_WORK REQUIRED_
Repeat nothing but the lines below running from the one containing "Ensemble uniforme de" to the one containing "На библиотечном диване". Keep both end lines.

_RECORDED INFORMATION_
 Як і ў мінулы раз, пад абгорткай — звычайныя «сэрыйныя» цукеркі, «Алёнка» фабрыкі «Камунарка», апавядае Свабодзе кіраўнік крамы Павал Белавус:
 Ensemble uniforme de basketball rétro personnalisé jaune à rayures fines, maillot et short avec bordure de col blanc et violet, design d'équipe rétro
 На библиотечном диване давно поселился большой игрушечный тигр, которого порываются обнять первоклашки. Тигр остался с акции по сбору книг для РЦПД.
...
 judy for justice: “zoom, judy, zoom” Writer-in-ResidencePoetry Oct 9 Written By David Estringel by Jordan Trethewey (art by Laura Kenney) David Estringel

_EXERCISE RESPONSE_
 Ensemble uniforme de basketball rétro personnalisé jaune à rayures fines, maillot et short avec bordure de col blanc et violet, design d'équipe rétro
 На библиотечном диване давно поселился большой игрушечный тигр, которого порываются обнять первоклашки. Тигр остался с акции по сбору книг для РЦПД.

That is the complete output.